PROBLEM DETAILS: Reproduce the whole listing exactly and let no picture into the copy.

--- PROVIDED MATERIAL Enclosed Below ---

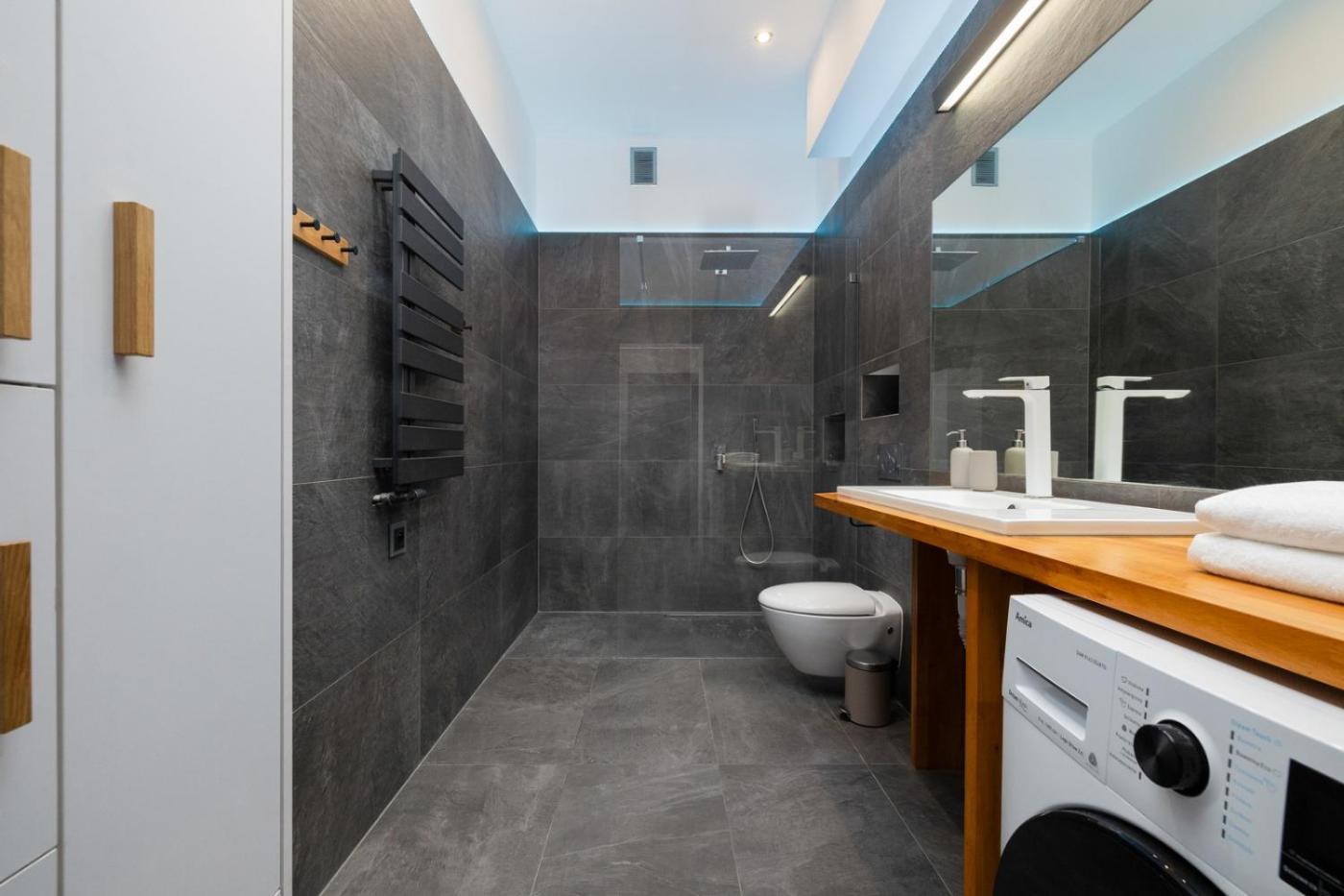 Apartament z 1 sypialnią. This apartment is comprised of 1 living room, 1 separate bedroom and 1 bathroom with a shower. The well-fitted kitchen features a refrigerator, a dishwasher, kitchenware and an oven. The apartment offers a flat-screen TV, a washing machine, a dining area, an electric kettle as well as a quiet street view. The unit offers 2 beds. Apartament - 4 osobowy. Powierzchnia pokoju ok.: 52 mkw.
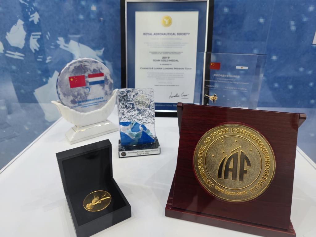 中國在深空探測領域的貢獻也受到了全球高度評價。在深空探測重大工程展區的一個展示柜中,閃亮的紀念牌和徽章向參展者講述著國際合作的碩果:嫦娥四號團隊獲得英國皇家航空學會金獎、天問一號團隊獲得世界航天獎……
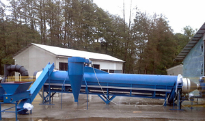 При вращении барабана происходит перемещение песка и соприкосновение с горячим воздухом. Песок нагревается и влага испаряется, оставляя сухой строительный материал, готовый к использованию.
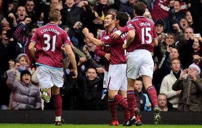 שחקני ווסטהאם חוגגים את השער הראשון (צילום: גטי אימג'ס)
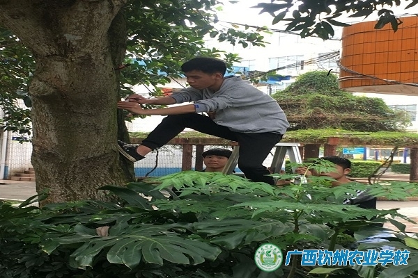3月20日,早春时节,甘向平老师带领我校园林班的同学来到校道旁果树下,给学校的绿化功臣,空气清洁能手——校道的芒果树、荔枝树、龙眼树进行了蛀干害虫的防治工作,同学们认真听老师讲解技术要领,按要求在树干相应位置打孔,并插入防蛀药瓶,给果树们打上了“点滴”,虽然春雨绵绵但大家依然热情满怀,期盼着今年又是一个丰收年。

--- End of Enclosed PROVIDED MATERIAL ---

RESULT OF THIS EXERCISE:
 Apartament z 1 sypialnią. This apartment is comprised of 1 living room, 1 separate bedroom and 1 bathroom with a shower. The well-fitted kitchen features a refrigerator, a dishwasher, kitchenware and an oven. The apartment offers a flat-screen TV, a washing machine, a dining area, an electric kettle as well as a quiet street view. The unit offers 2 beds. Apartament - 4 osobowy. Powierzchnia pokoju ok.: 52 mkw.
 中國在深空探測領域的貢獻也受到了全球高度評價。在深空探測重大工程展區的一個展示柜中,閃亮的紀念牌和徽章向參展者講述著國際合作的碩果:嫦娥四號團隊獲得英國皇家航空學會金獎、天問一號團隊獲得世界航天獎……
 При вращении барабана происходит перемещение песка и соприкосновение с горячим воздухом. Песок нагревается и влага испаряется, оставляя сухой строительный материал, готовый к использованию.
 שחקני ווסטהאם חוגגים את השער הראשון (צילום: גטי אימג'ס)
3月20日,早春时节,甘向平老师带领我校园林班的同学来到校道旁果树下,给学校的绿化功臣,空气清洁能手——校道的芒果树、荔枝树、龙眼树进行了蛀干害虫的防治工作,同学们认真听老师讲解技术要领,按要求在树干相应位置打孔,并插入防蛀药瓶,给果树们打上了“点滴”,虽然春雨绵绵但大家依然热情满怀,期盼着今年又是一个丰收年。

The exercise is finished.